Sequences are always incremented, so both your select statement and SQLAlchemy incremented the value.
As stated in Sequence Manipulation Functions:
Advance the sequence object to its next value and return that value. This is done atomically: even if multiple sessions execute nextval concurrently, each will safely receive a distinct sequence value.
If a sequence object has been created with default parameters, successive nextval calls will return successive values beginning with 1. Other behaviors can be obtained by using special parameters in the CREATE SEQUENCE command; see its command reference page for more information.

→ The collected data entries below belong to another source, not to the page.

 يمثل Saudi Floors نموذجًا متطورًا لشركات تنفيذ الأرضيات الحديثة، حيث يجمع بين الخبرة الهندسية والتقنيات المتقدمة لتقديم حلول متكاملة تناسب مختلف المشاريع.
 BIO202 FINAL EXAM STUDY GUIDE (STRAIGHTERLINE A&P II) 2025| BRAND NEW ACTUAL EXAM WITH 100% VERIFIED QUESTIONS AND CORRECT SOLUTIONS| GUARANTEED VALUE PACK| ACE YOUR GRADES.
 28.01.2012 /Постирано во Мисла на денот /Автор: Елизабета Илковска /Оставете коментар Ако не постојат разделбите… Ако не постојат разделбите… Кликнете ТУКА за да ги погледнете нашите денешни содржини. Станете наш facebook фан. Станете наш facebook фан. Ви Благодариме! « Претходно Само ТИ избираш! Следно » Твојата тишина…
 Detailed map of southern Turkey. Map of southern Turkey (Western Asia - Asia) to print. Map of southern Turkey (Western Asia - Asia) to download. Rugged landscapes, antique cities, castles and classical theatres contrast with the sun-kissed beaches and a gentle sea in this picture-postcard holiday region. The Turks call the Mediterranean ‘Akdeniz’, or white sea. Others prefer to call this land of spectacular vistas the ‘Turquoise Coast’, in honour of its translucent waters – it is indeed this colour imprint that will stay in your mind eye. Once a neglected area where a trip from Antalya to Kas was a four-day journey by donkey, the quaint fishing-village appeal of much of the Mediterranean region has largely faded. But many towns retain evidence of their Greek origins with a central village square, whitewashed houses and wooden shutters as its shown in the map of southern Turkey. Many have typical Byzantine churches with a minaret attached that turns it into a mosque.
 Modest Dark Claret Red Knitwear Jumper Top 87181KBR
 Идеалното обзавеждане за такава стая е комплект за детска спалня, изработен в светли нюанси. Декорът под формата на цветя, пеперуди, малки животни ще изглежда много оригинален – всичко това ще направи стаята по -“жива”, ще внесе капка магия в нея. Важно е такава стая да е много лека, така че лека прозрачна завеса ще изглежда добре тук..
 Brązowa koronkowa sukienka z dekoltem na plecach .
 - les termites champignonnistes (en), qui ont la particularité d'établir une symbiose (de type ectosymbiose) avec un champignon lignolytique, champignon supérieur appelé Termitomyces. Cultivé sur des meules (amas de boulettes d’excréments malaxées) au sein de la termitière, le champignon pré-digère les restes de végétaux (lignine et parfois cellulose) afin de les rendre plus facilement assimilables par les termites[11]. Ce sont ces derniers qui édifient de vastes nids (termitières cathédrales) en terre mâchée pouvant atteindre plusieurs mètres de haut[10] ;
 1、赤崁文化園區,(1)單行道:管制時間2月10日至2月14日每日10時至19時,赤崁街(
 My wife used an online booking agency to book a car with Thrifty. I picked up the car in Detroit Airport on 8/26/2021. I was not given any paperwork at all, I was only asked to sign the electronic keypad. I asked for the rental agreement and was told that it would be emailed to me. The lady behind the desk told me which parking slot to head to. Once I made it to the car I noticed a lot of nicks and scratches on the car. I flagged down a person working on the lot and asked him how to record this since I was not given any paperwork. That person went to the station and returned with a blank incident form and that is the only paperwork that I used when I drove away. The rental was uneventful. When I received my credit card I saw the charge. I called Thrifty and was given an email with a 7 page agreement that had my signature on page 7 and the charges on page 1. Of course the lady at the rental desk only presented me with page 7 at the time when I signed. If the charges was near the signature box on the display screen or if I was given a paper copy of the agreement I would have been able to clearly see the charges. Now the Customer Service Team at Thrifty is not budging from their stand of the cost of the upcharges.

Important: To avoid blocking concurrent transactions that obtain numbers from the same sequence, a nextval operation is never rolled back; that is, once a value has been fetched it is considered used and will not be returned again. This is true even if the surrounding transaction later aborts, or if the calling query ends up not using the value. For example an INSERT with an ON CONFLICT clause will compute the to-be-inserted tuple, including doing any required nextval calls, before detecting any conflict that would cause it to follow the ON CONFLICT rule instead. Such cases will leave unused "holes" in the sequence of assigned values. Thus, PostgreSQL sequence objects cannot be used to obtain "gapless" sequences.